As for Dr. Dean slapping the extremist label on Mrs. Dwyer, well, not everyone agrees. Anthony Pollina, the Progressive Party candidate for governor told Seven Days, “There is no doubt that Dwyer is far more conservative than the majority of Vermonters. On the other hand, I don’t think name-calling is a productive way to run a campaign. And from what I can tell, Howard Dean is out of touch with both his Democratic Party and the majority of Vermonters.”
Good answer.
Out of State Reaction? — Opponents of civil unions for gays and lesbians repeatedly claim Vermont is becoming a laughingstock because of the current legislation. Not so. In fact, there’s been quite a bit of praise for our blessed little state.
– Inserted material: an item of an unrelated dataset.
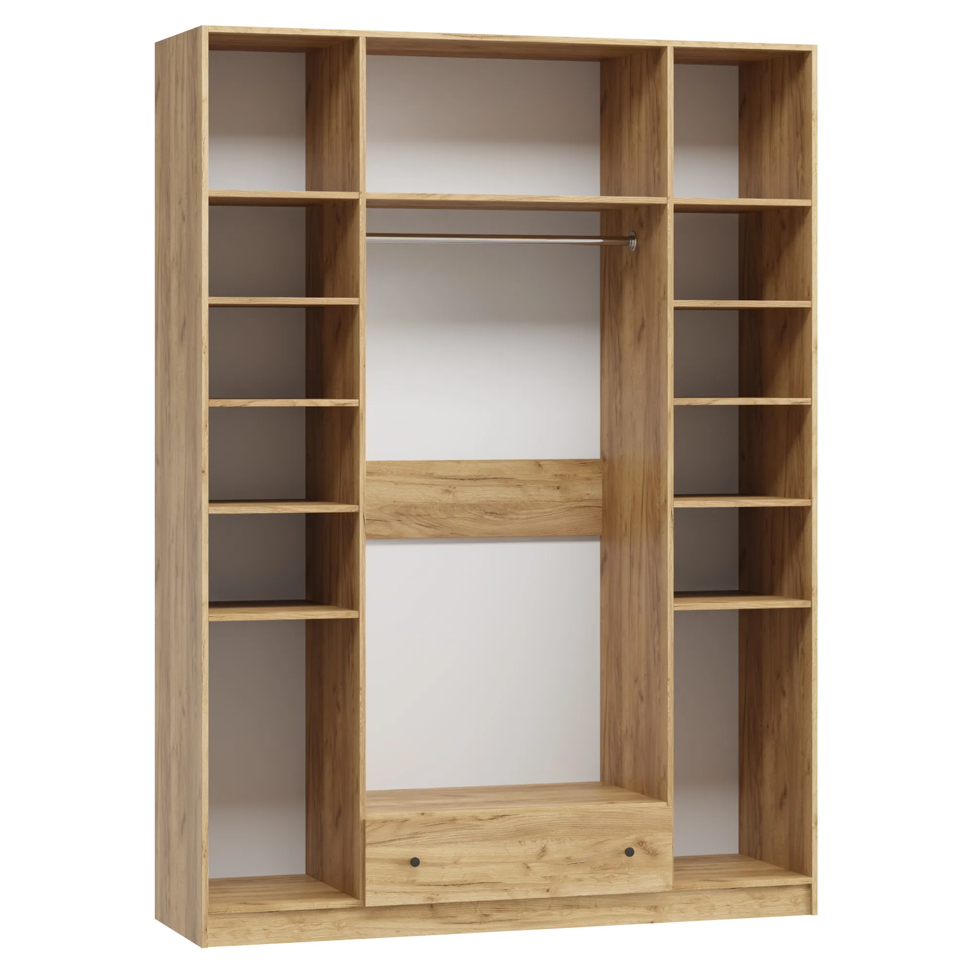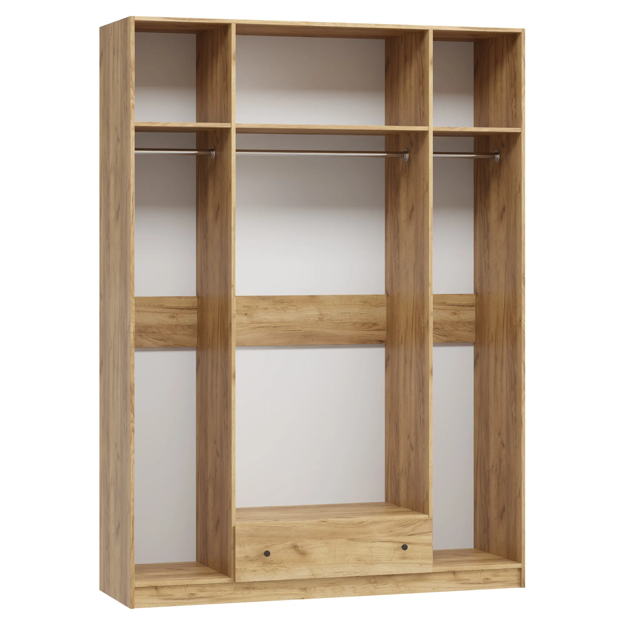 Распашной шкаф Ричмонд‑4.5 — четырехдверная модель с одним широким ящиком, созданная для хранения гардероба всей семьи. Идеально впишется в современные интерьеры в эко-стиле, а также в стиле лофт, джапанди и сканди.

“With its historic vote creating ‘civil unions,’” wrote the Arizona Daily Star, “the Vermont House of Representatives has shown the nation a civil solution to the emotional debate over gay marriages.”
The Star-Tribue of Minneapolis (that’s Jesse Ventura country), lauded the quality and dignity of the debate in the Vermont House. “Legislator’s heartfelt debate before House passage of a civil unions bill,” wrote the Trib, “should be replicated elsewhere. If it were, the indignities gay couples endure throughout the nation would illuminate a subject seen too often through the distorting lens of prejudice and myth.”
And there was also praise from our neighbor to the east. New Hampshire’s Concord Monitor wrote “Vermont is heading in the right direction. Eventually, we should all reach the same destination, leaving any sort of discrimination based on sexual orientation in our past.”
As well as high praise from the Big Apple. “Vermonters should be proud,” wrote The New York Times, “that they are leading the way toward a society that values stable gay relationships… In time, Vermont’s example will show the rest of the country that same-sex unions are not a threat to traditional marriage and deserve the name of marriage as well as the law’s full protection.”
'Course, around the Statehouse, all the talk has been about the one daily newspaper that hasn’t written an editorial on civil unions — The Burlington Free Press.
Hey, Freeps, cat got your tongue? Or is it, as our sources indicate, the obstinacy of one person — President and Publisher Jim Carey?